We were “welcomed” to Italy with an unannounced train stop, dozens of police with guns drawn, checking everyone’s passport. We were told they were looking for a fugitive, and, no, this wasn’t standard procedure for welcoming guests to the country. It was thrilling. You know … in a death-defying rollercoaster kind of way.

But our real welcome involved food. We shared a compartment on the train with a young couple. They had packed a large lunch, and they insisted on sharing with us. How could we say no? We couldn’t.

Everything we ate and drank in Italy was so much more than satisfying. Everything else was a feast for the senses.

The young women who zipped through Florence on mopeds, which you would think would be quite a dirty business, but, no. They would stop and step away without a hair out of place, perfectly ironed, manicured and looking as if they belonged on the cover of a fashion magazine. Stunning. And the men. There were groups of them posing together in their clean white shirts, crisp pants and shiny shoes. Gorgeous. There were others dressed as gladiators in Rome, speaking dozens of languages to passers-by (sometimes to one person relunctant to speak, in an effort to determine which language she spoke) — hugging, kissing and cajoling them into signing on for a guided tour.

Watching Italians eat (especially men, I have to say) is a form of tourism the books don’t tell you about. They close their eyes, raise their eyebrows into accent marks, and make sounds of acute appreciation. It’s fairly sexy. Of course I don’t know how these men behave at home, if they help with the cooking or are vain and boorish and mistreat their wives. I realized Mediterranean cultures have their issues. Fine, don’t burst my bubble. I didn’t want to marry these guys, I just wanted to watch. (Kingsolver, Animal, Vegetable, Miracle, p. 247)

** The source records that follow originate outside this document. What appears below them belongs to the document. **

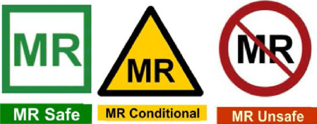 2. MR conditional – No MR-related hazards to patients or staff when used in MR setting under specific conditions – e.g. static field strength, rate of change of magnetic field.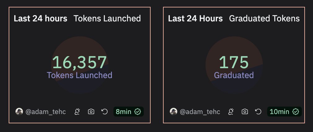 The @pumpdotfun trenches is a slaughterhouse. In the last 24 hours... 16,357 tokens launched. 175 made it to Raydium. 19 remain above the 69k market cap. From launch to profitable graduation that's 0.12%. x.com/i/web/status/1… |  | | 11:17 PM • Aug 10, 2024 | | | | 2.83K Likes 503 Retweets | 320 Replies |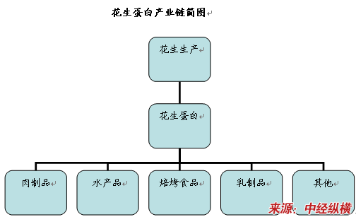 中国花生蛋白 行业 包括上游原料生产和下游食品制造两大分支。上游原料为花生种植与生产,下游产品主要包括肉制品、水产品、焙烤食品、乳制品、饮料、糖果诸多领域,相关企业达上万家。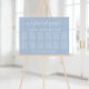 Chic mariage tableau de sièges en acrylique bleu poussiéreux pour jusqu'à 12 tables avec "nos gens préférés" dans un script blanc élégant avec des swashes, vos noms et la date mariage unis par un coeur et "Nous sommes si heureux que vous êtes ici" en lettrage blanc moderne simple.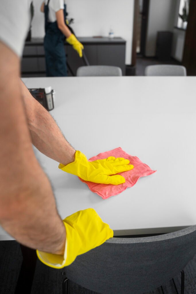 Ein sauberes Büro ist entscheidend für ein professionelles Erscheinungsbild und ein angenehmes Arbeitsklima. Mit unserer Büroreinigung sorgen wir zuverlässig für Hygiene, Ordnung und Sauberkeit in Ihren Geschäftsräumen. Ob kleine Büros oder große Arbeitsflächen wir passen unsere Leistungen individuell an Ihre Anforderungen an und gewährleisten eine gründliche und regelmäßige Reinigung.

The Italians we met were never ones to give up on us. We stopped at a small shop in Pisa. It offered pizza by the slice, which was freshly made and under glass. Their version of fast food, I suppose? I was tired and ready to give up with my questions in not-even-close Italian. The woman behind the counter sensed my frustration. She came around front, took me by the arm, speaking the whole time, pointing, gesturing, smiling. She didn’t want to let me go without eating some of her wonderful pizza. And it was wonderful. So was she.

As is Barbara Kingsolver. Hands to my heart, she’s better than a cup of perfect cappuccino — when it’s offered, don’t ever pass it up and then savor every last sip. (And, no. She didn’t make me cry about turkeys, not one little bit. OK. Maybe just a little bit, dangit. But all the laughs made up for that.)